The most recent analysis from Pitchbook affords an optimistic view of Sequence A-B funding rounds; but additionally serves a warning that extra established startups will discover their later funding rounds far much less profitable.
The info exhibits that Sequence A–B rounds stay strong, comprising 65.5% of complete VC deal worth in H1 2025 – up from 51.2% in 2024.
The increase has been pushed by sturdy exercise in pharma and biotech. Nonetheless, the Pitchbook information exhibits that Sequence C–D funding has declined, capturing simply 14.3% of deal worth.
Early stage optimism
The Pitchbook report describes Sequence A-B funding as “resilient” regardless of “a weaker macroeconomic backdrop and elevated market volatility”. There was a decelerate from the earlier yr, however the report acknowledges that 2024 was a “report” yr.
In H1, the capital raised reached £1.5bn.

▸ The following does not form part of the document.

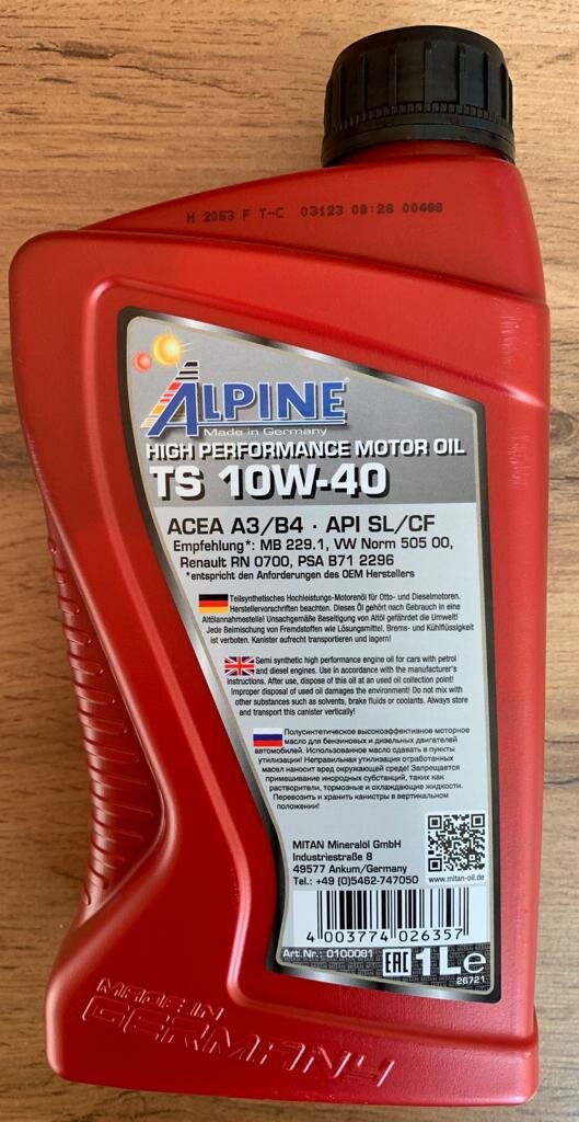 Ниже Вы можете прочитать отзывы на Масло полусинтетическое Alpine TS 10W-40 1л, арт. 0100081, ознакомится с подробными характеристиками, посмотреть интересные обзоры и фотографии на Масло полусинтетическое Alpine TS 10W-40 1л, арт. 0100081.

If this degree continues for the remainder of the yr, non-public fundraising within the UK can have declined 59.6% year-on-year.
Main the pack for complete funding are AI ventures and Huge Information has entered the highest ten sectors for the primary time because of AI-linked purposes. The report singles out life sciences as a “uncommon space of progress”, whereas pharma and biotech ventures get pleasure from “sturdy deal movement”.
A shifting fund construction
The distinction with 2024 just isn’t solely certainly one of capital raised. It seems the very nature of the fund construction has modified. The info reveals that the majority new funds raised are below £50m. In 2024, greater than 15% of funds closing exceeded £250m.
There have been some huge hitters although no megafunds (£1bn-plus autos) thus far. The report mentions the Adams Avenue European Enterprise Fund 2023, which raised £230.7m and was the fourth-largest shut in H1 inside all of Europe.
This was adopted by QuantumLight Capital Fund and 2150 City Tech Sustainability Fund II, which raised £188m and £166.8m, respectively.
For capital raised, 69.6% of capital was in rising companies in H1, in contrast with simply 25.6% in 2024.
Quandary for extra established startups
This report confirms what now we have already seen available in the market – that issues are powerful for rapidly-growing ventures or later stage startups taking a look at their third or fourth funding rounds.
Warning bells have been already sounding after the UK misplaced certainly one of its most lauded startups – Deliveroo – in a buy-out by a US competitor.
Different indicators embody the cash switch agency Clever’s resolution to ditch its major itemizing with the London Inventory Alternate. As an alternative, it has gone for a twin itemizing however with the US as its major base, regardless of the Chancellery pinning its hopes on a fintech increase.
Regardless of this, there’s confidence. This yr’s funding could not hit the heady heights of 2024, however the Pitchbook report nods to the Mansion Home Accord, an settlement signed in Could 2025 by 17 main pension suppliers to allocate no less than 10% of their outlined contribution (DC) default funds. It estimates this “may unlock £50bn for personal markets by 2030”.
Many UK tech corporations are additionally reportedly mulling becoming a member of PISCES, the inventory marketplace for buying and selling non-public firm shares the federal government introduced in Could this yr. It’s hoped that PISCES will assist to enhance late-stage funding for personal companies within the UK.
In the intervening time, early-stage startups may be optimistic about securing their Sequence A-B funding. But it surely seems possible that the UK could lose extra of our larger and established startup ventures until there’s a dramatic change within the panorama.